To produce that number, the connector calls lookup_client.lookup(token_ids, req_id), and four ideas stack up inside it.

1. Chunking. LMCache doesn't key KV by individual token — it keys by fixed-size chunks (chunk_size, default 256). So the first thing lookup does is split the prompt into chunks (ChunkedTokenDatabase._chunk_tokens, token_database.py:305). A 1000-token prompt becomes 3 full chunks; the trailing 232-token remainder is dropped (a partial chunk's key could never match the eventual full chunk, so storing or looking it up would be pointless). This is why you saw hit counts land on clean multiples of 256 in the running example.

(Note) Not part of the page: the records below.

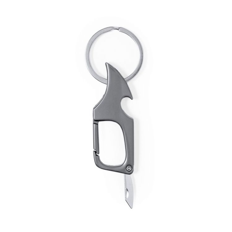 Praktischer Metallöffner mit Schlüsselring und Karabiner zur schnellen Befestigung. Mit Flaschenöffner an einem Ende und einem kleinen Edelstahlmesser am anderen Ende, ideal zum Öffnen von Briefen, Paketen ... In einer eleganten metallischen schwarzen Farbe und präsentiert in einer recycelten Papiertüte. (silber farbe)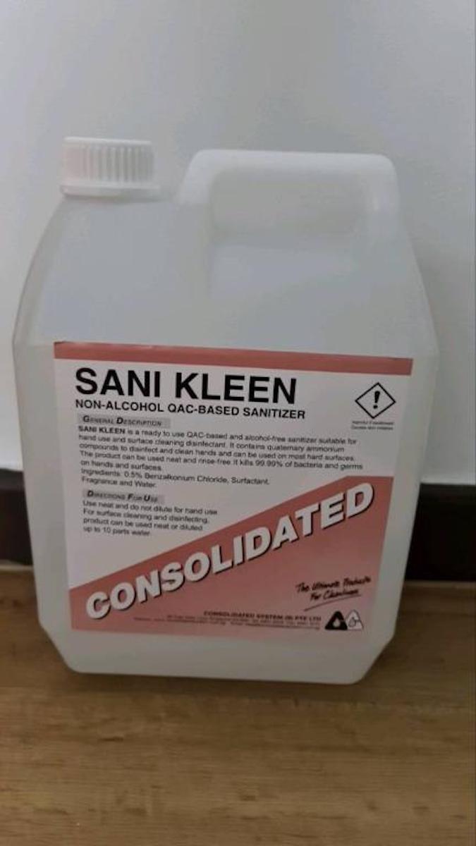 Sani Kleen is an alcohol-free, water-based hand sanitizer suitable for rinse-free hand application and surfaces. It contains over QACs and kills 99.999% of bacteria and germs on hands and surfaces without water. It contains QAC disinfectants and can help with infection control. Product is recommended to be used neat to ensure full efficacy.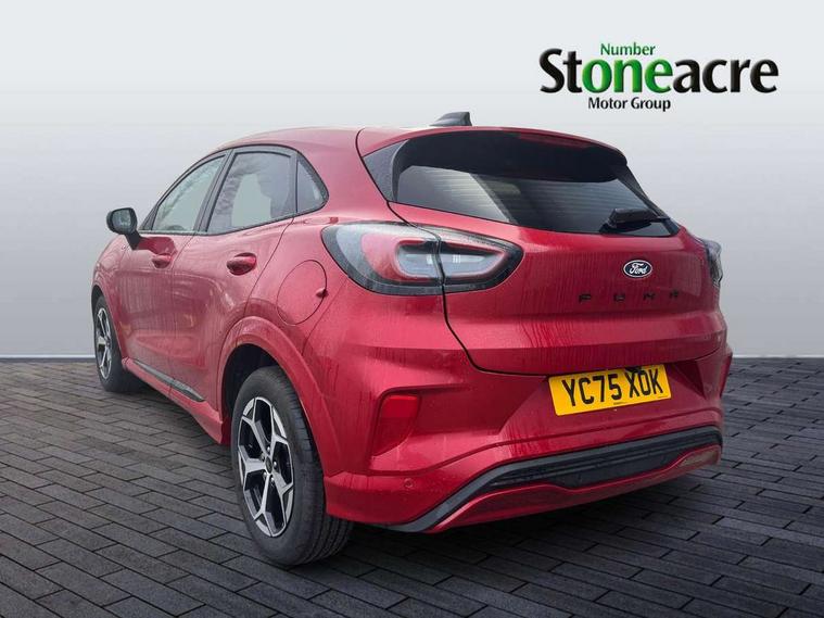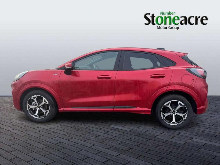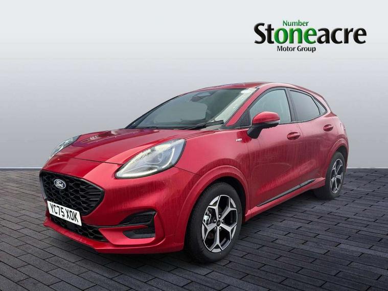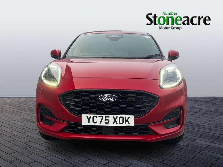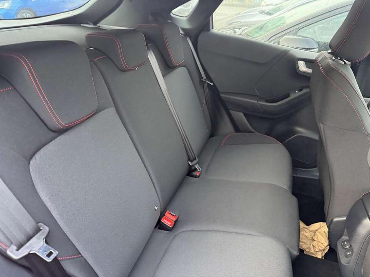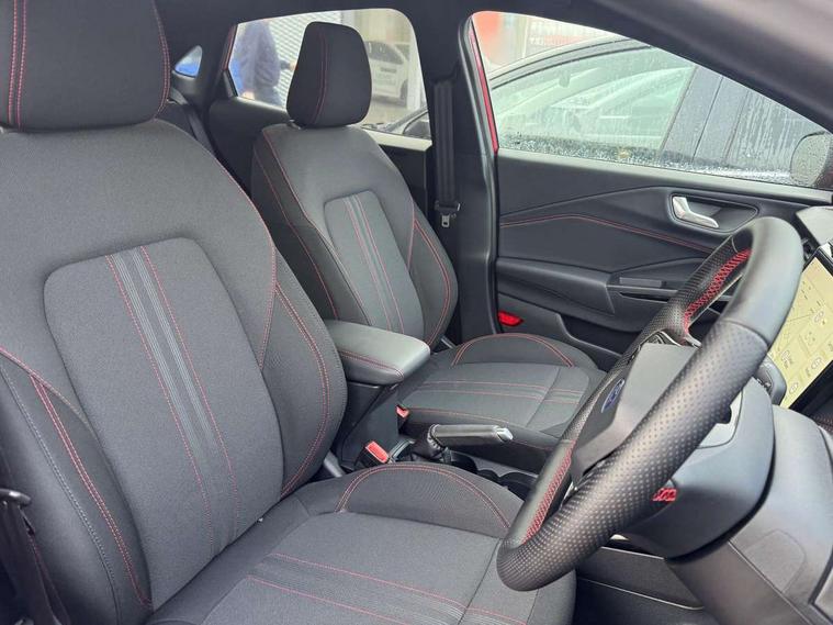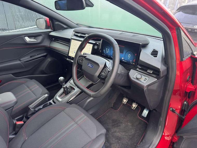 Driver impairment monitor, Emergency call service, Ford easy fuel, Full digital 12.8" instrument cluster, Lane keeping aid with lane departure warning, Power assist steering, Selectable drive modes(Normal, Eco, Sport, Slippery and Trail), Speed sign recognition, Sport suspension, 12" landscape touchscreen display with wireless apple car play and android auto 6 speaker audio system, Ford pass connect and emergency assistance, Ford SYNC4 with connected navigation, Automatic headlights with rain sensing wipers and auto high beam, Front fog lamps, LED daytime running lights, LED rear lamps, LED third brake light, Power foldable heated door mirrors with puddle lamps and puma logo protection, Quickclear heated windscreen, Rear privacy glass, Rear side wing doors, Rear wiper, ST-Line body styling kit with unique grille, 3 seat bench in 2nd row, Centre console with armrest and stowage, Electronic automatic temperature control (EATC), Ford megabox extended bootspace, Front and rear head restraints, Front floor mats, Manual 4 way driver seat adjust with lumbar adjustment, Single front passenger seat, ST- Line cloth trim with red stitching, 3 rear seatbelts, Child safety lock, Electronic stability control (ESC) and hill start assist, Pre-collision assist with autonomous emergency braking, pedestrian/cyclist detection & post-collision braking, Tyre pressure monitoring system (TPMS), Thatcham alarm,

2. A chained "prefix hash." Each chunk's key is not hash(chunk_tokens). It's folded from the previous chunk's hash (_prefix_hash, token_database.py:329):

prefix_hash = self._get_init_hash()
for token_chunk in token_chunks:
    prefix_hash = self._hash_tokens(token_chunk, prefix_hash)  # ← previous chunk's hash folded in
    yield prefix_hash

So chunk 3's key depends on chunks 0,1,2,3 — it identifies the entire prefix up to that point, not just the chunk's own tokens.

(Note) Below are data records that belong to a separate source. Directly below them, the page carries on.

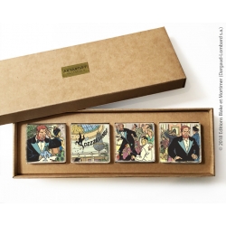 4 Marbres de collection n°89, n°90, n°91, n°92 Blake et Mortimer: La Vallée des immortels T1. Tirage: 29 exemplaires numérotés de 1 à 29. L'étui protégeant chaque marbre est orné d'une plaque en étain Akimoff collections. Ils sont ornés d'un aimant au dos.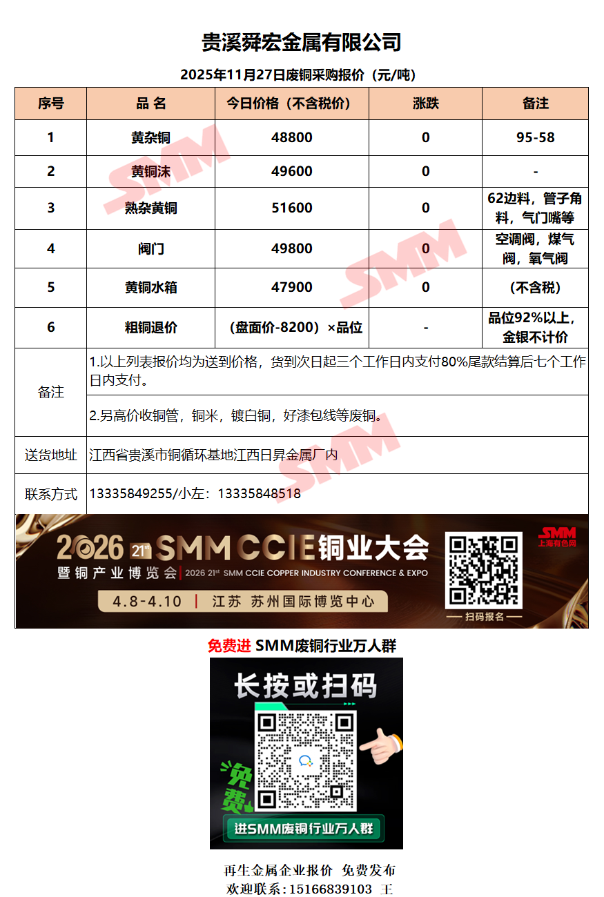 今日贵溪舜宏 废铜采购报价已更新,有货的朋友欢迎联系我们!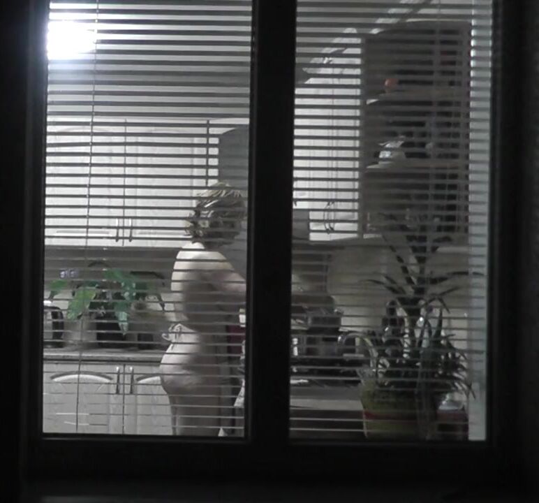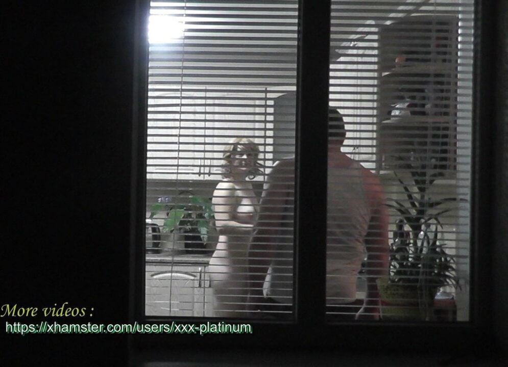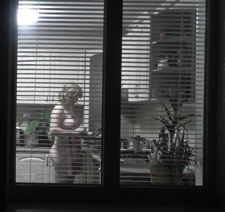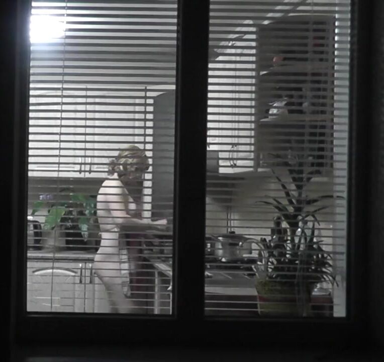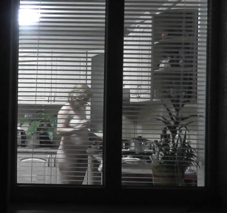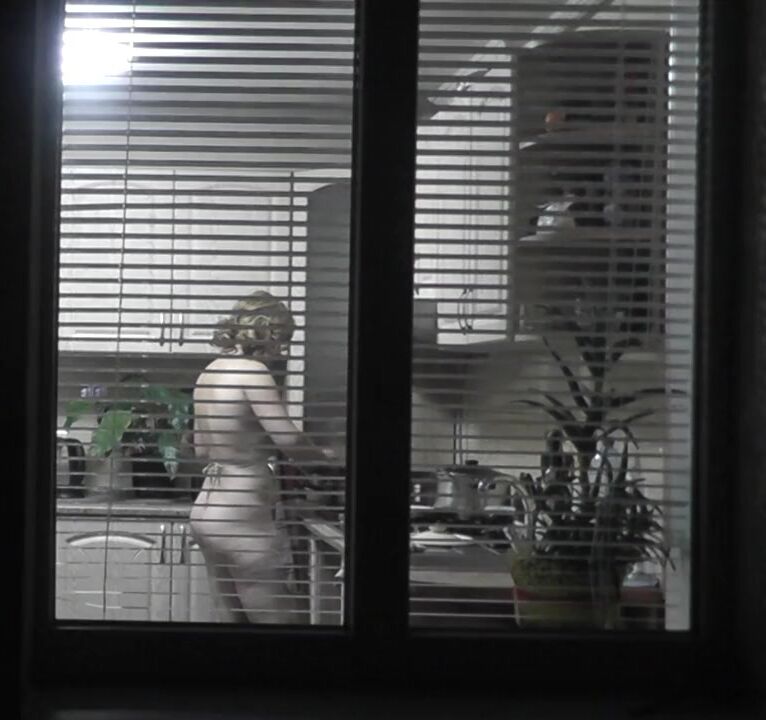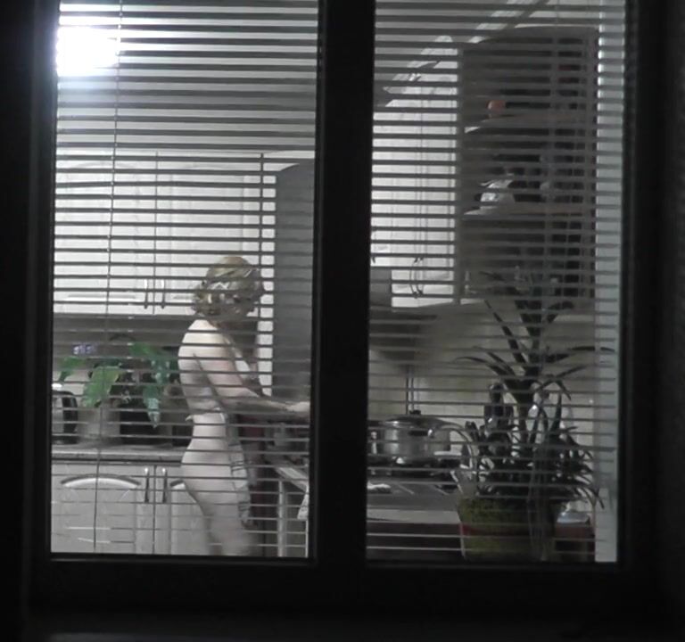 In kitchen. My wife came to visit my mother and is naked preparing dinner for for mommy's lover. Spy behind open window. Family nudism. Spy cam

This is the analogue of vLLM's chained block hashes from the recap, just at 256-token granularity instead of 16. The consequence is the whole reason the lookup can return a single number: a hit on chunk N's hash guarantees the full prefix 0..N matched, so the server simply counts the leading run of hits and stops at the first miss — a partial/middle hit is useless because vLLM can only consume a contiguous prefix. The figure's counter-example shows the flip side: two prompts that share byte-identical later chunks get different prefix hashes for them, because their first chunk differs.

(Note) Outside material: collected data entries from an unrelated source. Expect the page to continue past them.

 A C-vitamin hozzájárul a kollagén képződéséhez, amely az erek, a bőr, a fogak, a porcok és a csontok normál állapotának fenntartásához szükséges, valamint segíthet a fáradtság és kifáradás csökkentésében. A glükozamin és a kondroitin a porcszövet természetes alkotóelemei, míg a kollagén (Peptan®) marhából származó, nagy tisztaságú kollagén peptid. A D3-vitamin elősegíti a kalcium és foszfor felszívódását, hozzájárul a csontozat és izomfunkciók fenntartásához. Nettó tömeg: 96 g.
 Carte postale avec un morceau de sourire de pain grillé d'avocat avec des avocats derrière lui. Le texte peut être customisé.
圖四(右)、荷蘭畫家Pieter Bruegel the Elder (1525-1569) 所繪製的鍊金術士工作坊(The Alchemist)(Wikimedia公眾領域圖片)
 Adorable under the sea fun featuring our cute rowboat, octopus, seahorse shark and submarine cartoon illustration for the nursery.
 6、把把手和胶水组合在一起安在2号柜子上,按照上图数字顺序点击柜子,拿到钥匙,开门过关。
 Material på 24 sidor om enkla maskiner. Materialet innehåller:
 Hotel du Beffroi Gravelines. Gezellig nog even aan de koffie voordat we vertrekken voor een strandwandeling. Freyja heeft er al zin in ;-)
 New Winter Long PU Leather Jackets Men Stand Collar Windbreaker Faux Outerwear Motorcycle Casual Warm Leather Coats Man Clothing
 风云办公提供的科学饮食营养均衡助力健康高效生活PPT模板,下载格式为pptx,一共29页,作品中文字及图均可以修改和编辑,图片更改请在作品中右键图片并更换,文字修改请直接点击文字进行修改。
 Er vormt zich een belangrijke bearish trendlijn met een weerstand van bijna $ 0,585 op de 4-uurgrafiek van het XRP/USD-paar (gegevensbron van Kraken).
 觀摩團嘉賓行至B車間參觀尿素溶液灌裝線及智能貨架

3. It's a delegated lookup — the keys travel to the data. The scheduler-side connector has no GPU, no LMCacheEngine, and no storage tiers; those live with the workers. So lookup doesn't search anything itself — it ships the list of prefix hashes over an RPC to the worker-side lookup server (send_and_recv_all, lmcache_lookup_client.py:129), the side that actually holds the KV. On the worker, that server hands the hashes to LMCacheEngine.lookup (cache_engine.py:1093), which does three things:

  • rehydrates keys — turns each incoming hash back into a CacheEngineKey (it trusts the client's precomputed hashes rather than re-hashing tokens);
  • walks the tiers — calls storage_manager.batched_contains(keys, pin=True) (:1192), the prefix-assignment-across-tiers search we'll dissect at steps ⑧–⑨, which returns how many contiguous leading chunks are present. Note the pin=True: looking a chunk up also pins it — hold that thought;
  • converts chunks → tokens — and this is the neat part: it doesn't sum anything; it just keeps the end offset of the last hit chunk (res = end, :1200-1202). Because chunks are a contiguous prefix starting at token 0, the end offset of the last hit chunk is the matched token count. That integer travels back (as a 4-byte int) and becomes the step-② answer.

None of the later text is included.